35.     The appropriate course in case of allegation of corruption against a  Member of Parliament, is to prosecute the member in accordance with law  (The immunity under Article 105(2) may not be available, as the decision in  P.V.Narasimha Rao v. State [1998 (4) SCC 626] recognizes immunity to a  member who is a bribe taker only where the ’bribe’ is taken in respect of a  ’vote’ given by him in Parliament and not otherwise). Such cases can be fast  tracked. Pending such criminal proceedings, the member can be suspended  temporarily, if necessary, so as to prevent him from participating in the  deliberations of the Houses. On being tried, if the member is convicted, he  becomes disqualified for being or continuing as a Member under Article  102(1)(e). If he is acquitted, he is entitled to continue as a member. Though  it may sound cumbersome, that apparently is what the Constitution intends.  

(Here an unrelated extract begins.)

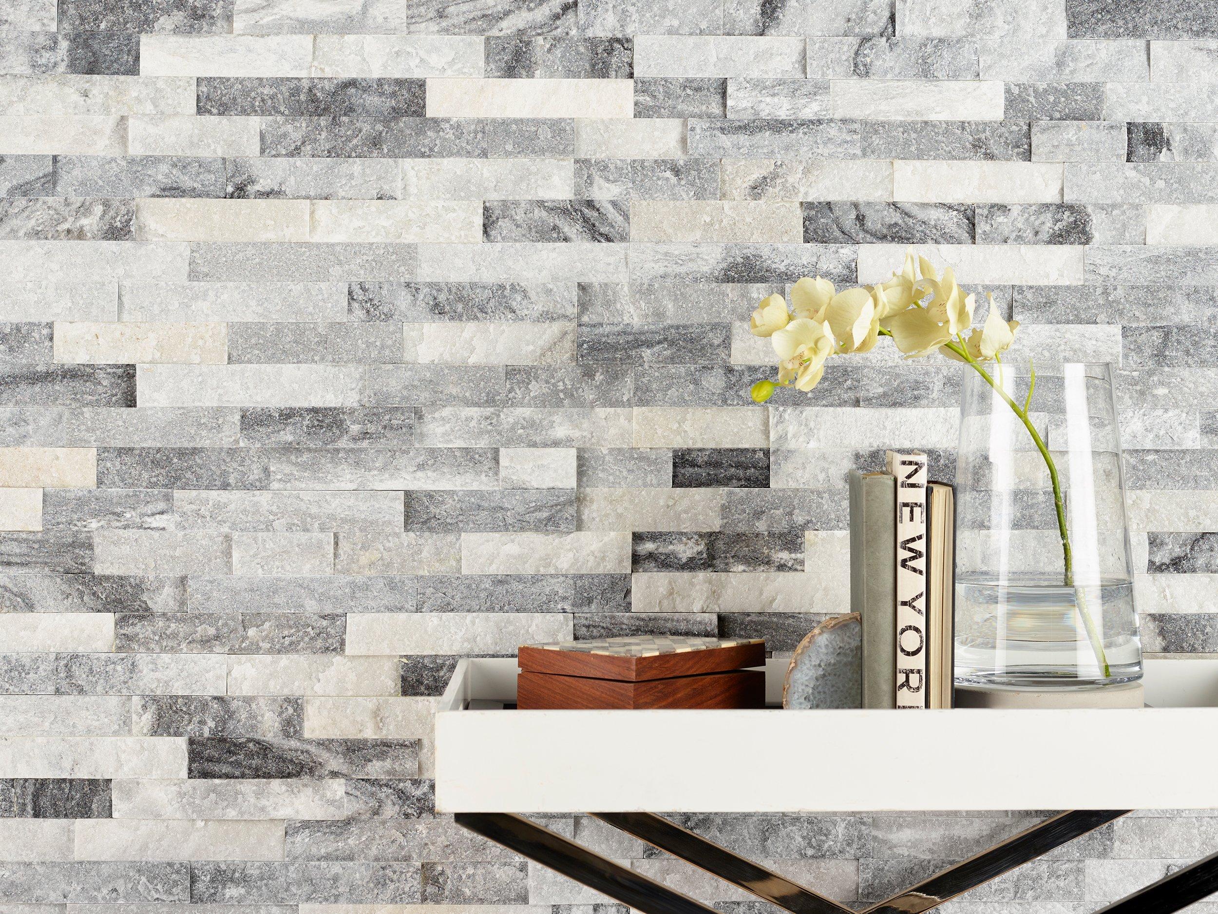 Natural stone like this beautiful Harbor Gray Splitface Quartzite Panel can create a high-value look in any living space. The 6 x 24 quartzite ledger features gray hues with a textured finish. Install it on a wall to create a focal point, or use it to elevate the look of your design.
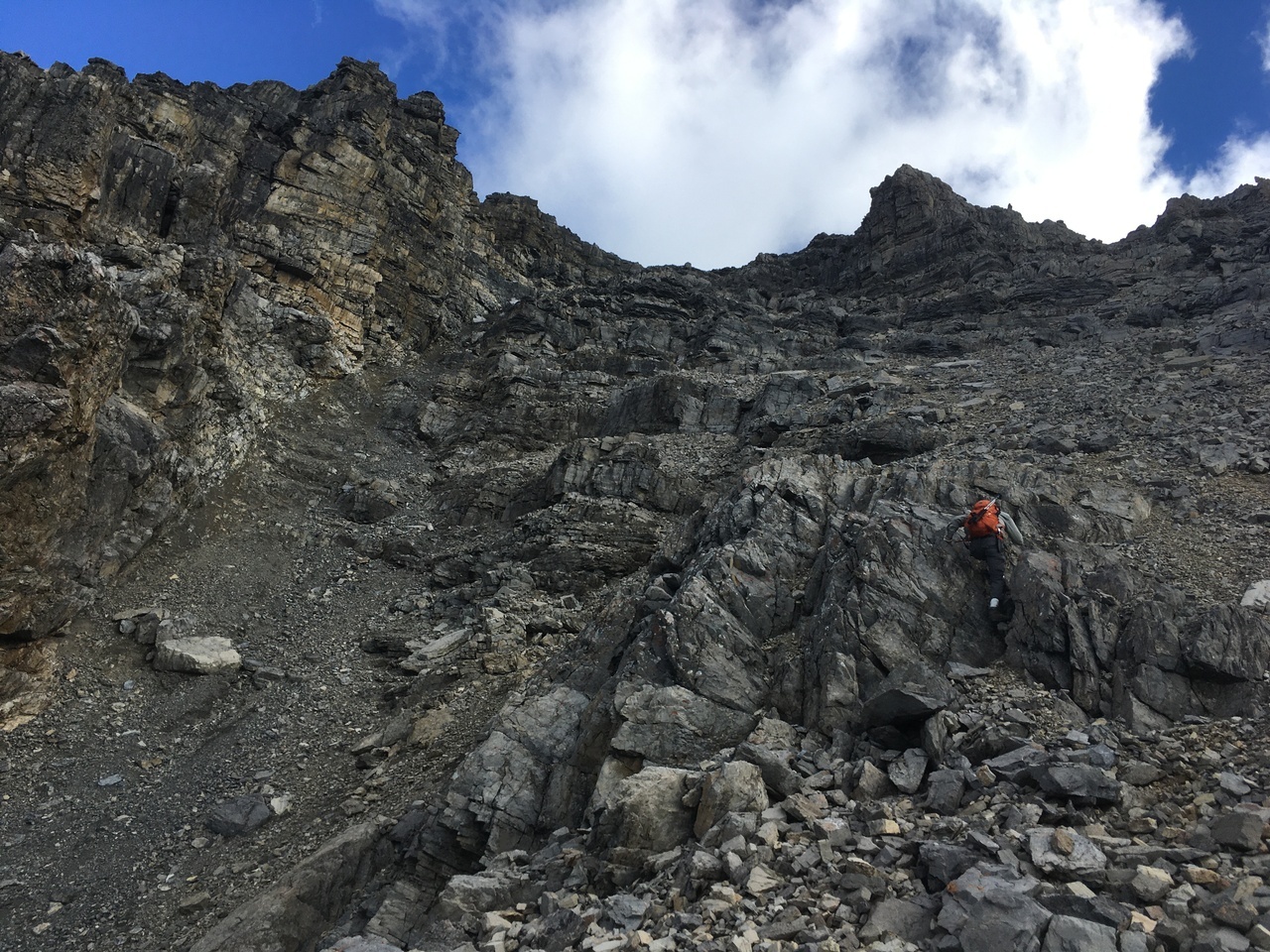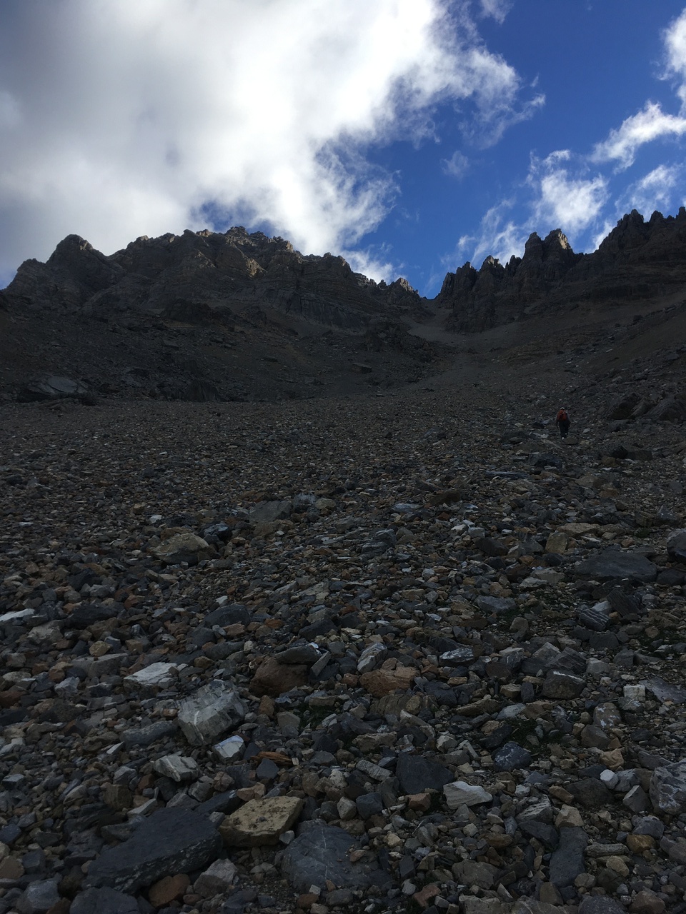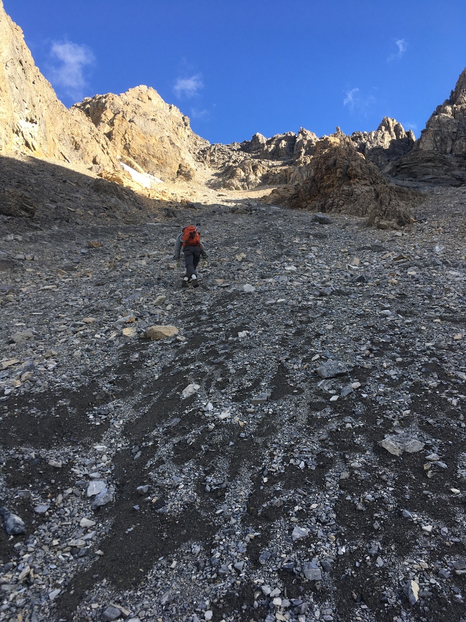 Looking back down the long scree gully. The solid rock was a nice change from the long grind up scree! Photo credit: Dad

36.     I am, therefore, of the considered view that there is no power of  expulsion in the Parliament, either inherent or traceable to Article 105(3).  Expulsion by the House will be possible only if Article 102 or Article 101 is  suitably amended or if a law is made under Article 102(1)(e) enabling the  House to expel a member found unworthy or unfit of continuing as a  member. The first question is thus answered in the affirmative. Therefore the  second question does not survive for consideration.  

37.     In view of the above, I hold that the action of the two Houses of  Parliament, expelling the petitioners is violative of Articles 101 to 103 of the  Constitution and therefore invalid. Petitioners, therefore, continue to be  Members of Parliament (subject to any action for cessation of their  membership).  Petitions and transferred cases  disposed of accordingly.